#### WHAT NEEDS TO BE DONE:
Leaving out every picture, copy the lines of the material below exactly, from the line containing "100-lecie Odzyskania przez" through the line containing "Bộ kinh này".

#### DATA LISTING:
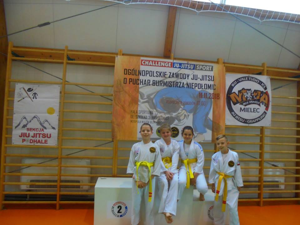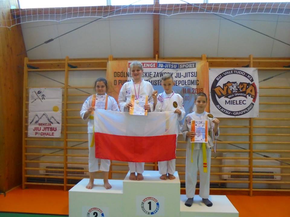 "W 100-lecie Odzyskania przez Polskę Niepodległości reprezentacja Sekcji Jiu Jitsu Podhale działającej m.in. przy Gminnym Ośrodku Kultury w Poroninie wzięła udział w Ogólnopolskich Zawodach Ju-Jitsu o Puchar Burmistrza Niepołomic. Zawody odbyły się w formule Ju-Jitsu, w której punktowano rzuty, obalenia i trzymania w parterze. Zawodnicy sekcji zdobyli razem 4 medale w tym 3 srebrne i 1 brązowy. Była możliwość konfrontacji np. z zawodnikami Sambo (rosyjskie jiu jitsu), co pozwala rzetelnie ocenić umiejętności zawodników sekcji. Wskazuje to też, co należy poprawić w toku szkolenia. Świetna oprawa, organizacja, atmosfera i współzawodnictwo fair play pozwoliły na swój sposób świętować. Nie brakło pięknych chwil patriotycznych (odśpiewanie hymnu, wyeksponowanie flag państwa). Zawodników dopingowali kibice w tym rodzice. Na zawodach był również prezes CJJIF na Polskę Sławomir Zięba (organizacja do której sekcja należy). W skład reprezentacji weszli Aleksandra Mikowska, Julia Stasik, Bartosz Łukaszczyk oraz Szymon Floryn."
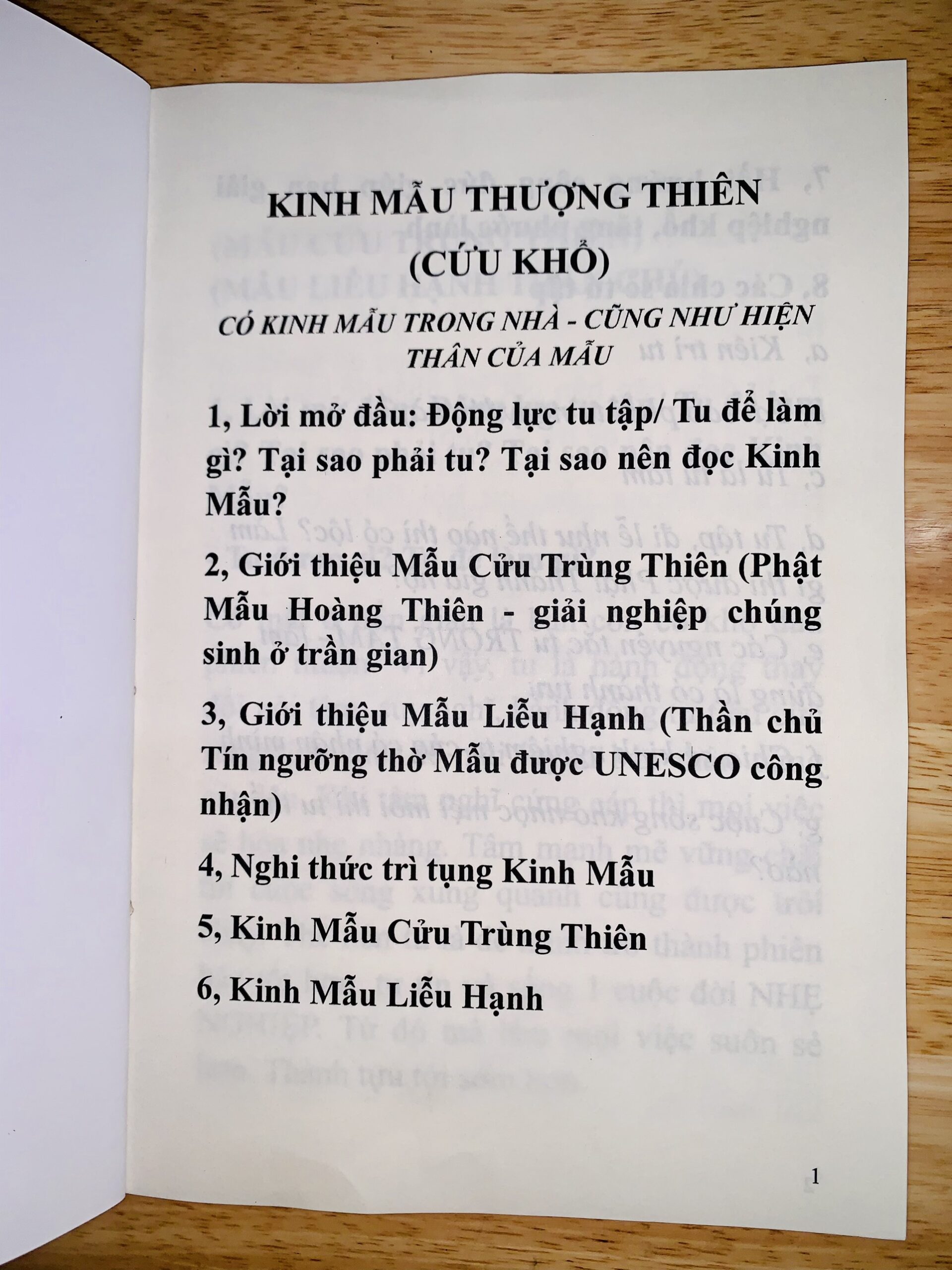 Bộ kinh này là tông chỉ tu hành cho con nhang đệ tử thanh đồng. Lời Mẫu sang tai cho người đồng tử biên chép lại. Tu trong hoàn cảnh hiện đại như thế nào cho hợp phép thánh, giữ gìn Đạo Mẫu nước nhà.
* * *
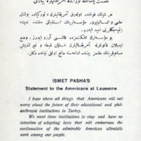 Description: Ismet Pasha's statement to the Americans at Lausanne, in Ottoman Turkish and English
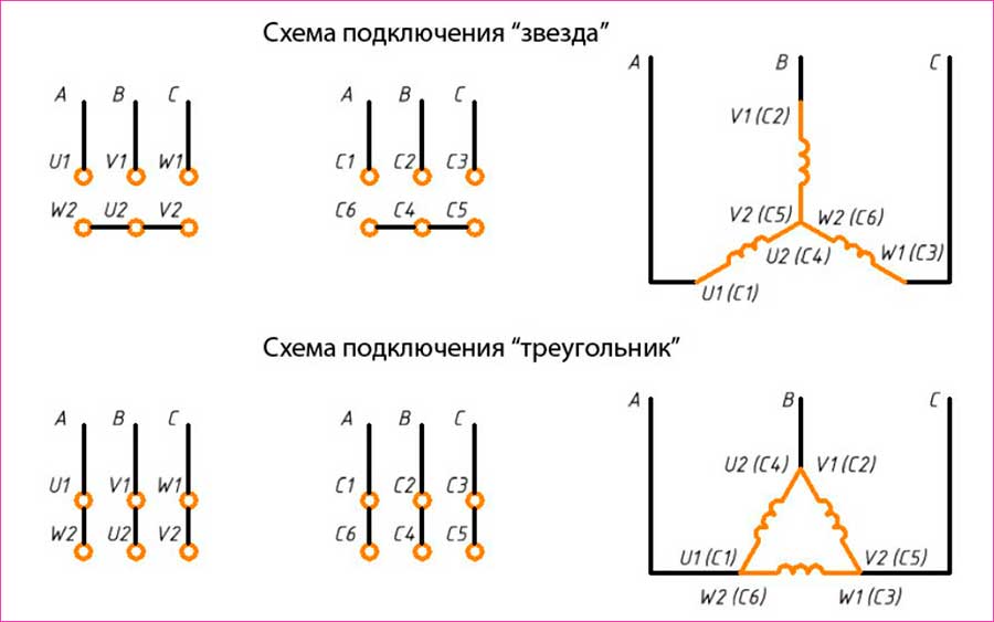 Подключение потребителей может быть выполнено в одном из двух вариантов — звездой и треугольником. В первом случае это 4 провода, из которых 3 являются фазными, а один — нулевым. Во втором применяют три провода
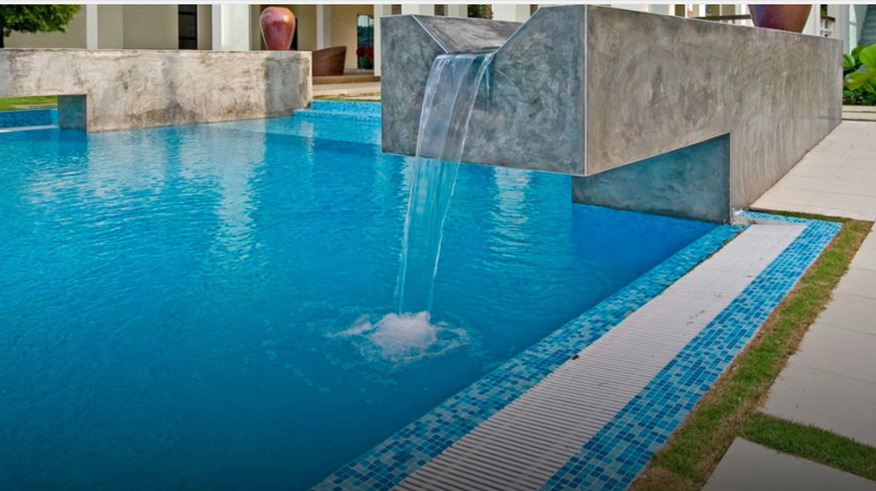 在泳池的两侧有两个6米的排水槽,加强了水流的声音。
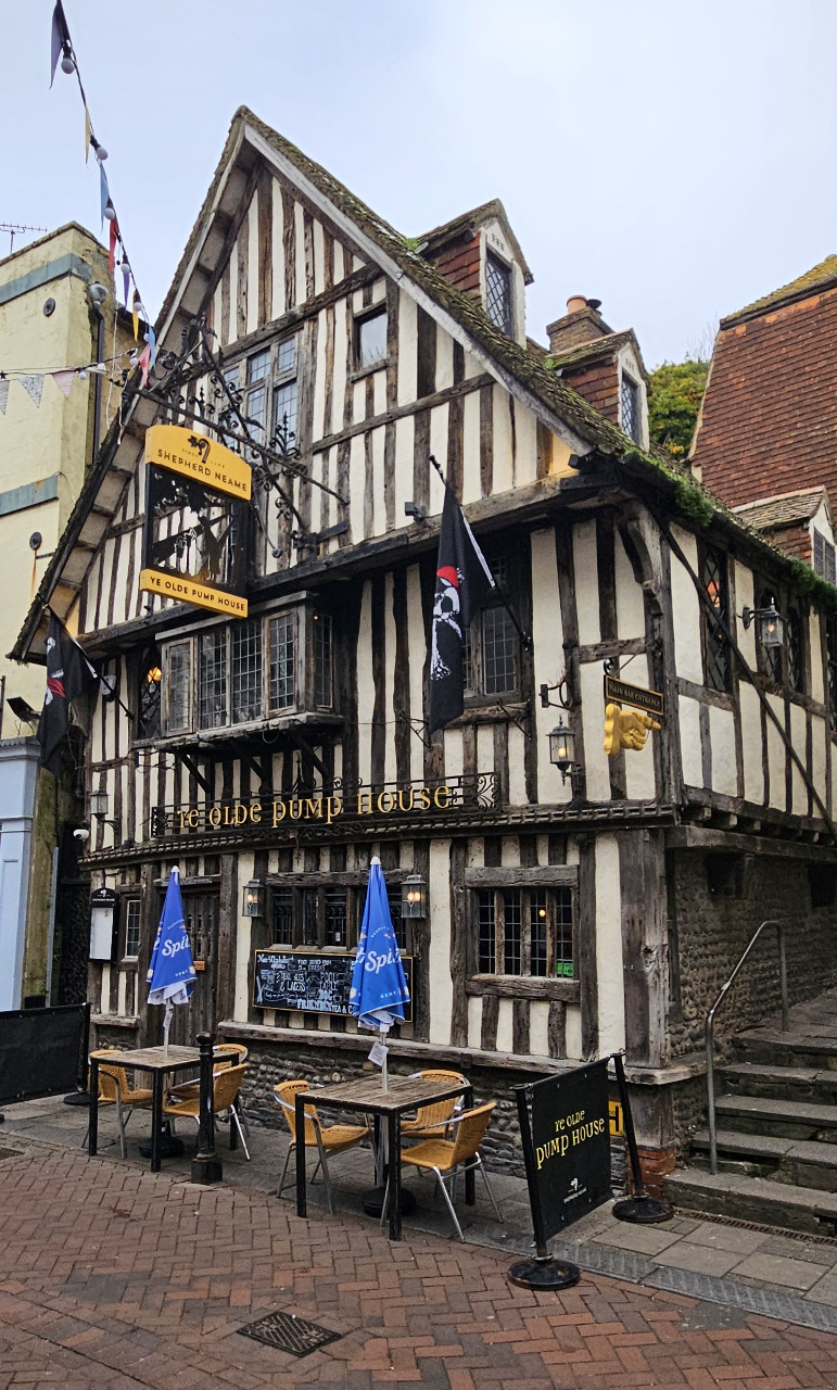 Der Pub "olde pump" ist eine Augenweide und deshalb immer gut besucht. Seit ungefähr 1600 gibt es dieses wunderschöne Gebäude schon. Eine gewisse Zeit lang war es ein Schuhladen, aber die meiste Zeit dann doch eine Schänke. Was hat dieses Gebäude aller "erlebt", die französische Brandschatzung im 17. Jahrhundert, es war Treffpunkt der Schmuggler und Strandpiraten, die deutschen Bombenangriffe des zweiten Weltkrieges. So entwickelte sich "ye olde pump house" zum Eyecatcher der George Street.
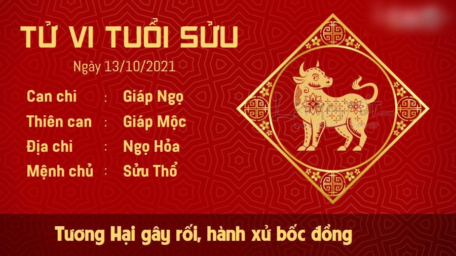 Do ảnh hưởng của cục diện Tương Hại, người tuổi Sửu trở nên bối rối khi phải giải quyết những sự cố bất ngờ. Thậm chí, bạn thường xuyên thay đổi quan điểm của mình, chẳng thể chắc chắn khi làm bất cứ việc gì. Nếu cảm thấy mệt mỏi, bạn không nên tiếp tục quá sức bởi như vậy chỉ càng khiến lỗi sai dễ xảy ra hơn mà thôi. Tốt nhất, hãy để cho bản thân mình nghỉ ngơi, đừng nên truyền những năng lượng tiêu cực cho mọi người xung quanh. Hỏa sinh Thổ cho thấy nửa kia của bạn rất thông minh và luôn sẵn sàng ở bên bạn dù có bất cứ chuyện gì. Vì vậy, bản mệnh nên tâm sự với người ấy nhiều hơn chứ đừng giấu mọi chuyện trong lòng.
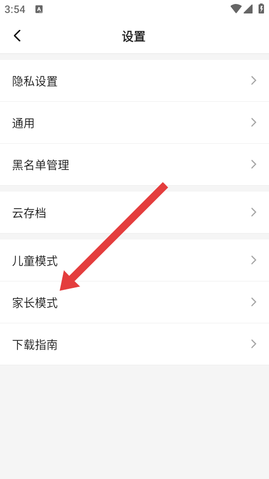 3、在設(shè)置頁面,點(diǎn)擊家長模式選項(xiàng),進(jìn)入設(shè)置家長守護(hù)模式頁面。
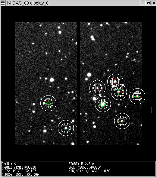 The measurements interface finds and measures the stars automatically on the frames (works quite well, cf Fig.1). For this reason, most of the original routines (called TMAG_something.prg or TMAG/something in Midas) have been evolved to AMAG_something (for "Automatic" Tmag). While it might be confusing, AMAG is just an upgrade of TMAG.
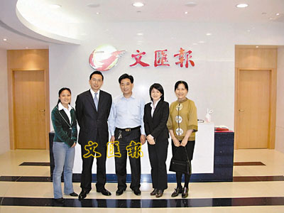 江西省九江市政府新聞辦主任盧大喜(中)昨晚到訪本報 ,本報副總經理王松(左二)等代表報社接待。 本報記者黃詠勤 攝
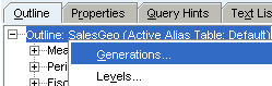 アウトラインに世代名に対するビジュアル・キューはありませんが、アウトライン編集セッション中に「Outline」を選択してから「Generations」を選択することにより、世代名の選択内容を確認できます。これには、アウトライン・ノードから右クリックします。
==
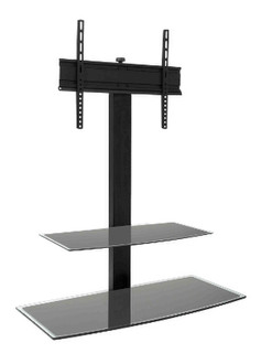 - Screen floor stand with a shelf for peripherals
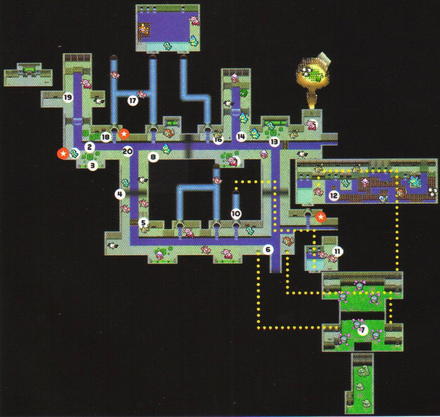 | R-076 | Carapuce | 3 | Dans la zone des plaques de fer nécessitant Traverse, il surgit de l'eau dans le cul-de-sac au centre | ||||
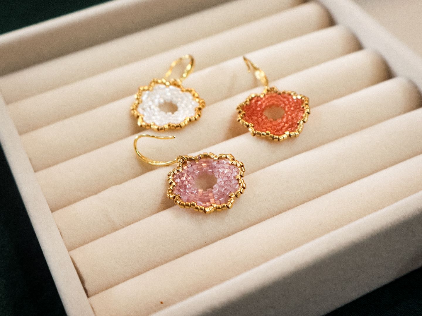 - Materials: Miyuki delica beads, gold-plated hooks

#### RESULT OF THE TASK:
 "W 100-lecie Odzyskania przez Polskę Niepodległości reprezentacja Sekcji Jiu Jitsu Podhale działającej m.in. przy Gminnym Ośrodku Kultury w Poroninie wzięła udział w Ogólnopolskich Zawodach Ju-Jitsu o Puchar Burmistrza Niepołomic. Zawody odbyły się w formule Ju-Jitsu, w której punktowano rzuty, obalenia i trzymania w parterze. Zawodnicy sekcji zdobyli razem 4 medale w tym 3 srebrne i 1 brązowy. Była możliwość konfrontacji np. z zawodnikami Sambo (rosyjskie jiu jitsu), co pozwala rzetelnie ocenić umiejętności zawodników sekcji. Wskazuje to też, co należy poprawić w toku szkolenia. Świetna oprawa, organizacja, atmosfera i współzawodnictwo fair play pozwoliły na swój sposób świętować. Nie brakło pięknych chwil patriotycznych (odśpiewanie hymnu, wyeksponowanie flag państwa). Zawodników dopingowali kibice w tym rodzice. Na zawodach był również prezes CJJIF na Polskę Sławomir Zięba (organizacja do której sekcja należy). W skład reprezentacji weszli Aleksandra Mikowska, Julia Stasik, Bartosz Łukaszczyk oraz Szymon Floryn."
 Bộ kinh này là tông chỉ tu hành cho con nhang đệ tử thanh đồng. Lời Mẫu sang tai cho người đồng tử biên chép lại. Tu trong hoàn cảnh hiện đại như thế nào cho hợp phép thánh, giữ gìn Đạo Mẫu nước nhà.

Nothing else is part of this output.